It's been a hell of a decade for software development. I've personally enjoyed observing endless moaning and complaining from fellow developers about the topic of "new frameworks." Standard rhetoric would have one think our careers are somehow under siege as a result of learning new technologies. I can't help but wonder how the same contingency of professionals has reacted to the rise of cloud services. To those who fear learning, I can only imagine the sentiment they hold for implementing entirely new paradigms that come with budding cloud services. Alternatively, there are people like myself: grown children masquerading in an adult world. While we may appear to be older, we've simply reallocated our life's obsessions from Lego sets to cloud services.
I've fallen victim to the more "new technology" hype cycles than I'd like to admit. Straying down the path of dead-end tools is exhausting. I'm sure you'll recall the time the entire world arbitrarily decided to replace relational databases with NoSQL alternatives. I recognize how impulse architectural decisions create devastating technical debt. Thus, I would never think to push tools that have yet to stand the test of time and usefulness in the wild. Redis is one of such tools, perhaps ranking somewhere in my top 5 of useful new technologies in the past decade.
Why Redis Tho?
Why might I choose to proverbially shit on NoSQL databases prior to advocating for Redis: a NoSQL datastore? Make no mistake: Redis has almost zero similarities to NoSQL databases like MongoDB, in both intent and execution. MongoDB stores records on disk space, as do SQL databases. Allocating disk space to store a record comes with the implication that the information being stored is intended to persist, like user accounts, blog posts, permissions, or whatever.

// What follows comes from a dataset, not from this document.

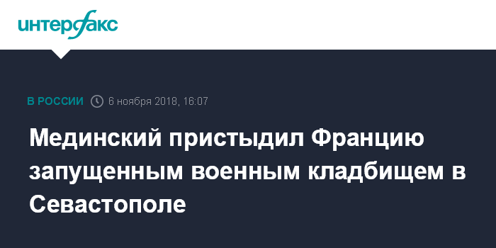 Мединский пристыдил Францию запущенным военным кладбищем в Севастополе

Most data worth saving falls into this category.
Surely not everything we do on the internet is worth saving forever. It would be weird (and inefficient) if we stored information like items in a user's shopping cart or the last page of our app a user had visited. This sort of information could be useful in the short term, but let's not fuck up the ACID-compliant databases our businesses depend on with endless disk I/O. Luckily for us, there's a little thing called RAM, which has handled similar scenarios since the dawn of computing. Redis is an in-memory database that stores values as key/value pairs. Reading and writing to memory is faster than writing disk, which makes memory suitable for storing secondary data. This data might enable better user experiences while simultaneously keeping our databases clean. If we decide at a later time that data in memory is worth keeping, we can always write to disk (such as a SQL database) later on.
In-memory data stores like Redis or Memcached lie somewhere in your architecture between your app and your database. A good way to think of these services would be as alternatives to storing information via cookies. Cookies are bound to a single browser and can't reliably be depended on to work as expected, as any user can purge or disable browser cookies at any time. Storing session data in the cloud eliminates this problem with the added benefit of having session data shared across devices! Our user's shopping cart can now be visible from any of their devices as opposed to whichever browser they had been using at the time.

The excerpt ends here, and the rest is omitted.